Diese Frage ist in Österreich umstritten. Aktuell gibt es noch keine Entscheidung des Obersten Gerichtshofes. In Frage kommen Diebstahl (§ 127 StGB) bzw. Einbruchsdiebstahl (§ 129 StGB), wenn man mithilfe eines nachgemachten Schlüssels in einen Müllraum gelangt. In der Praxis macht die Polizei meist eine Anzeige wegen Diebstahl. Das Verfahren wird aber oft außergerichtlich ohne Verurteilung oder Prozess beendet.

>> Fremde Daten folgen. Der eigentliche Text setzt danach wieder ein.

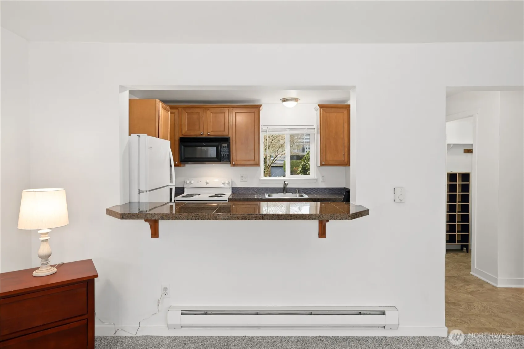 Experience the perfect blend of convenience and comfort in this adorable updated Des Moines condominium, ideally situated just one block from the Marina and Beach Park. This end-unit home offers a peaceful retreat with a practical layout and several recent refreshments that make it move-in ready. Step inside to find a clean, inviting interior featuring brand-new carpet and a fresh coat of paint throughout, providing a neutral canvas for your personal style. The kitchen is well-equipped with durable granite countertops and a functional eating bar that opens directly into the main living area, making the space feel connected and open. Originally remodeled from the studs in 2006, the unit maintains a contemporary standard of quality, including a bathroom finished with granite accents. For added convenience, the home comes with all appliances, including a washer and dryer combo. One of the most practical features of this unit is the designated parking space located just steps away from your front door, ensuring easy access. You will also enjoy an enclosed patio/courtyard—a quiet spot for fresh air and relaxation. Located in a “silent zone,” the community is professionally managed. You are only a short stroll from local cafes, shops, and the scenic waterfront, with quick access to major freeways for an easy commute. Whether you are a first-time buyer or looking for a manageable home by the water, this condo offers exceptional value in a prime location.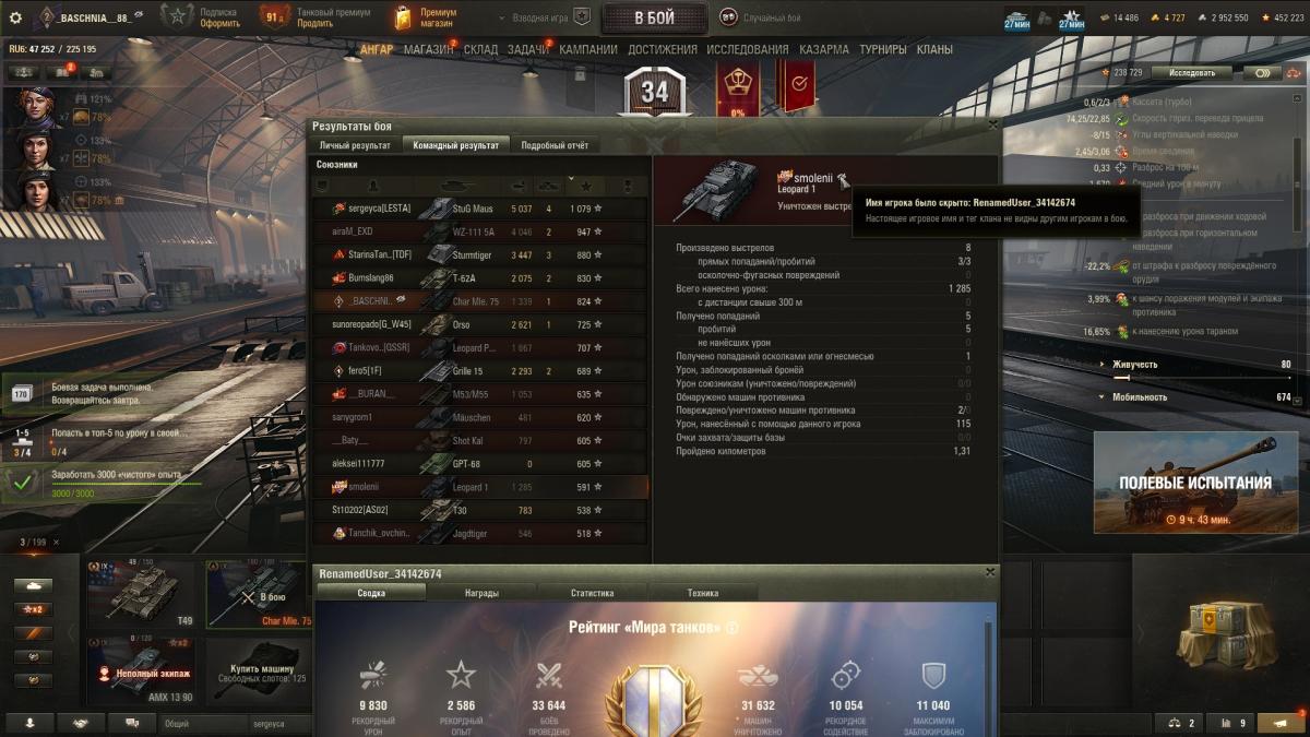 Танк прекрасен - теперь кустодроты на т95-е3 и прочих тортах, получают по-заслугам. Раньше реально было тяжело их выкурить, если заняли какой-нить камень на базе. Пол команды в конце могло угробится. А теперь 30с и фраг. Что касается имбовости - ее тут нету. Снаряды как снежки летают. Против амёб нормально играть. Если балансировщик подбирает скиловичков и читеров (стопудова модик какой-то появился, с отметками места пуска НУРСа), танк не играется вообще - даже мауса употеешь пробивать с дальней горы. Мало того, по-тебе еще и стреляют в ответ и попадают (вероятно временно - до первой волны банов). Причем находятся индивидуумы, которые видят ракету далеко за пределами круга обзора. Бред. P.S. После него, играть в обычные танки не интересно - влез на Вилку, на которой НУ ОЧЕНЬ много накатал боев. Там из 4ех выстрелов, хорошо если один пробьет или попадет два... А тут свёлся, прицелился - не попал, значит САМ виноват. Ну непробития стрёмные бывают уже - сразу такого не наблюдал. Леста явно начинает закручивать гайки. Плюс альфа - в упор мне такой же дал на 590, а я ему на 380+ - чушь имхо.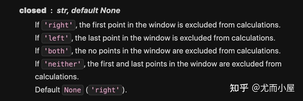取值4:neither如果直接使用neither,结果全部为NaN: ![]() 解决bug:可以参考pandas官网的issue:https://github.com/pandas-dev/pandas/issues/39038 ![]() 当close='neither'时,参数min_periods不等于n-1(n为窗口大小),而是等于n。 作为滚动计算的对象窗口里,却至多只剩n-1个值,达不到min_periods的最小窗口值 数(n)的要求。所以我们需要手动将min_periods设置成: n-1 ![]() 具体的解释参考下面的图示: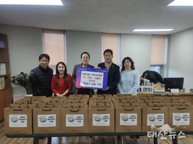 조전희 회천3동장은 “회천3동의 어려운 이웃들을 위해 따뜻한 마음을 모아 기부해주신 주민자치회에 깊이 감사드린다”며 “정성껏 마련해주신 이 마음을 관내 취약가구에 전달하여 온정 가득한 연말을 보내실 수 있도록 하겠다”고 전했다.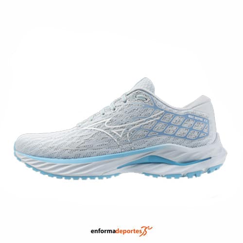 Zapatilla mujer MIZUNO WAVE INSPIRE 20, con tecnología MIZUNO WAVE para mayor estabilidad que evita que el arco del pie colapse, con forma anatómica de la placa que permite una transferencia suave del peso desde el contacto con el suelo hasta la propulsión hacia adelante, confeccionada en tejido Smooth Stretch permite carreras suaves, con ejuste cómodo y suave, con tecnología MIZUNO ENERZY FOAM en toda la entresuela ofrece una increíble amortiguación y retorno de energía.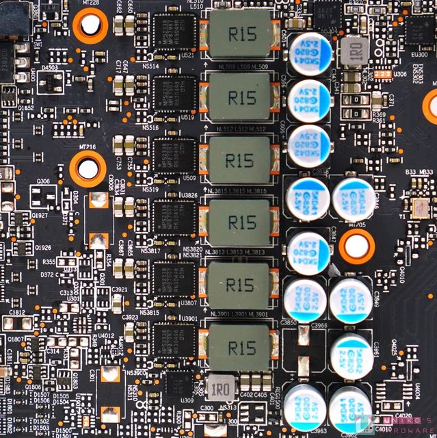 AMD 公版 PCB 的一大特色當然是把主要的輸入電容 (固態電容) 放在 PCI-E 8-PIN 之下,

Mag. Hannes Knapp von der Kanzlei Lichtenberger & Partner Rechtsanwälte in Wien hat folgende Meinung dazu: "Sobald man ein abgesperrtes Gelände zum Beispiel über einen Zaun betritt, muss man von einer Besitzstörung ausgehen. Das Eindringen in abgesperrte Bereiche wie Müllräume und die Mitnahme von dort abgelagertem Müll kann auch zu einer Anzeige wegen "Einbruchsdiebstahl" führen. Ein wesentlicher Punkt ist jedoch auch der Vorsatz, das heißt die subjektive Tatseite. Jemand, der Essen aus dem Müll holt, um sich davon zu ernähren, hat in der Regel wohl nicht den Vorsatz, sich daran zu bereichern und geht auch nicht davon aus, jemanden zu bestehlen und damit zu schaden. Außerdem gibt das Geschäft bei der Entsorgung sein Eigentumsrecht an den Lebensmitteln auf. Somit wird der Müll juristisch als "herrenlose Sache" betitelt. Unklar ist, ob möglicherweise ein Schaden für die Müllbeseitigungs-Unternehmen entsteht, sobald Lebensmittel in Container, die in deren Eigentum stehen, geworfen werden. Das müsste im Einzelfall geprüft werden."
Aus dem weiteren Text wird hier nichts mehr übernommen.